Chapter 13.1
Commissioning Fundamentals, Levels & Program Governance
Commissioning is where the building's design intent is converted into evidence. For an AI factory that evidence must span two parallel, interlocked tracks (facility and cluster) whose acceptance gates either you sequence deliberately or the schedule sequences for you, badly and at the worst possible time.
What you'll decide here
- How far up the L1–L5 ladder you actually intend to test — and specifically whether you commit to a true Level 5 Integrated Systems Test (IST) with a black-building / pull-the-plug demonstration, or stop at functional performance and accept the residual integration risk.
- Which resilience model the IST must prove — concurrent maintainability (Tier III: take any one path down for service with no IT load loss) versus fault tolerance (Tier IV: survive an unplanned single fault, including a fire or flood in one path) — because that choice writes the failure-mode test matrix.

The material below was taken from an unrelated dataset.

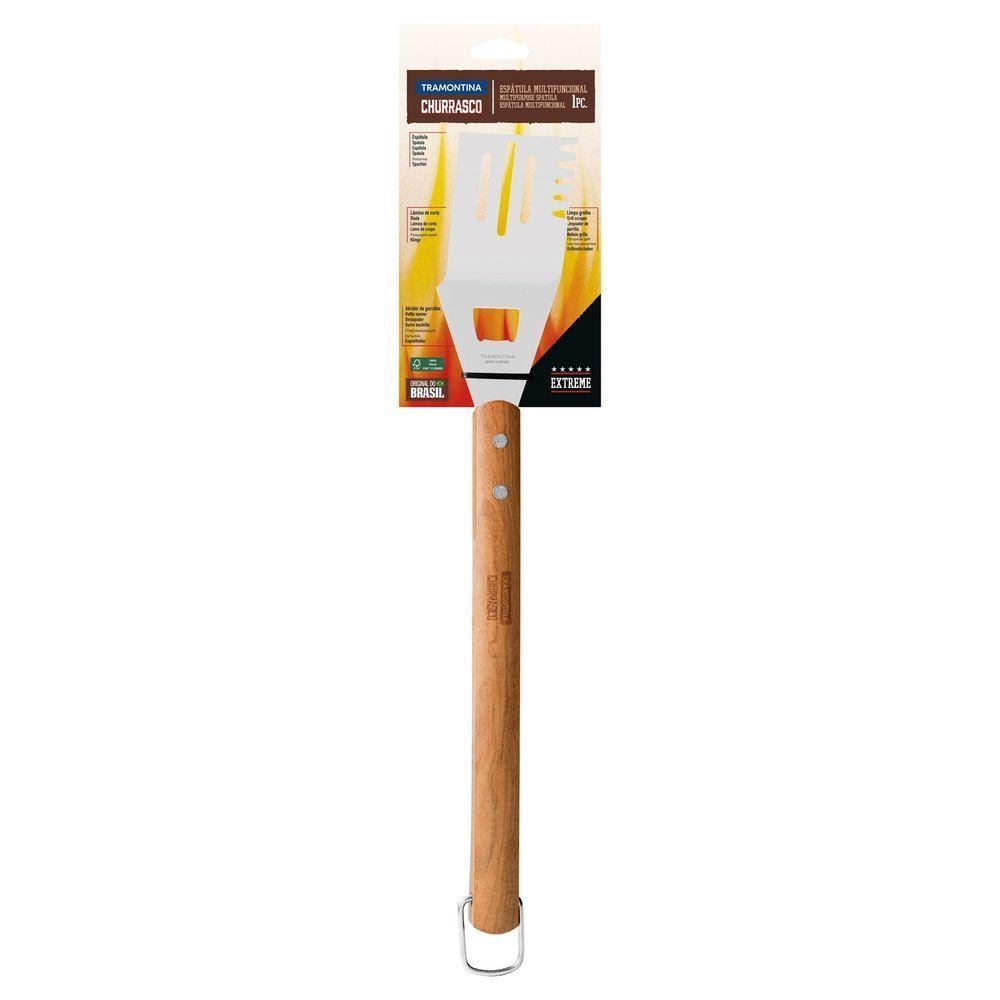 Espátula Multifuncional Tramontina Churrasco Com Lâmina Em Aço Inox E Cabo De Madeira 47,8 Cm TramontinaEspátula Multifuncional Tramontina Churrasco com Lâmina em Aço Inox e Cabo de Madeira 47,8 cm Tramontina -Espátula Multifuncional Tramontina Churrasco com Lâmina em Aço Inox e Cabo de Madeira 47,8 cmCheirinho de churrasco é uma das melhores coisas que existem. E se vier acompanhado de praticidade fica ainda melhor! Por esse motivo para preparar e servir o seu, da melhor maneira, a Espátula Tramontina Churrasco com Lâmina em Aço Inox e Cabo de Madeira 47,8 cm é a escolha perfeita! Com lâmina em aço inox e cabo longo de madeira, ela vai lhe garantir resistência e durabilidade, além de facilidade e seguranca no uso. Sirva a família e amigos com praticidade e estilo, e garanta elogios e sorrisos com este item essencial para o seu churrasco!Informações GeraisLâmina de aço inox com lâmina de corte, abridor de garrafas e limpa grelha. Cabos de madeira.Recomendações de UsoAntes da primeira utilização, lave bem as peças e seque-as. Tenha cuidado ao manusear produtos cortantes e perfurantes e mantenha-os fora do alcance das crianças. Para maior durabilidade dos produtos recomenda-se secar bem antes de guardar. Para descarte dos produtos e embalagens siga as orientações de reciclagem vigentes.Características Gerais do Produto: - Cor: Madeira Garantia: - 3 Meses

- How the two parallel tracks — facility Cx and IT/cluster validation — interlock, and where the explicit overlapping gates sit (mechanical-Cx ↔ GPU burn-in; electrical acceptance ↔ load-bank IST ↔ first real workload).
- Who owns the program: an independent Commissioning Authority (CxA) engaged at design, not a general-contractor afterthought — and which governing documents (OPR, BOD, SOO) the whole acceptance chain traces back to.
- Which standards spine you commission against — ASHRAE Guideline 0 / 1.1 / 1.6 for process and documentation, Uptime Tier or BICSI 002 for the resilience target — and how you reconcile the facility-centric standards with a cluster the standards do not yet describe.
Commissioning (Cx) is the discipline that refuses to take the design's word for it. Every prior part of this guide makes claims — that the power chain will ride through a utility dip, that the cold plates will hold the GPUs under sustained load, that the fabric will carry a non-blocking all-reduce, that the standby plant will pick up the building before the UPS runs flat. Commissioning is the structured process of generating the evidence that those claims are true under the conditions that matter, before the facility carries revenue load. It is the bridge between Part 2's design and Part 14's day-2 operations, and it is the last point in the project where a latent integration defect costs hours to fix rather than a multi-day outage on a live cluster.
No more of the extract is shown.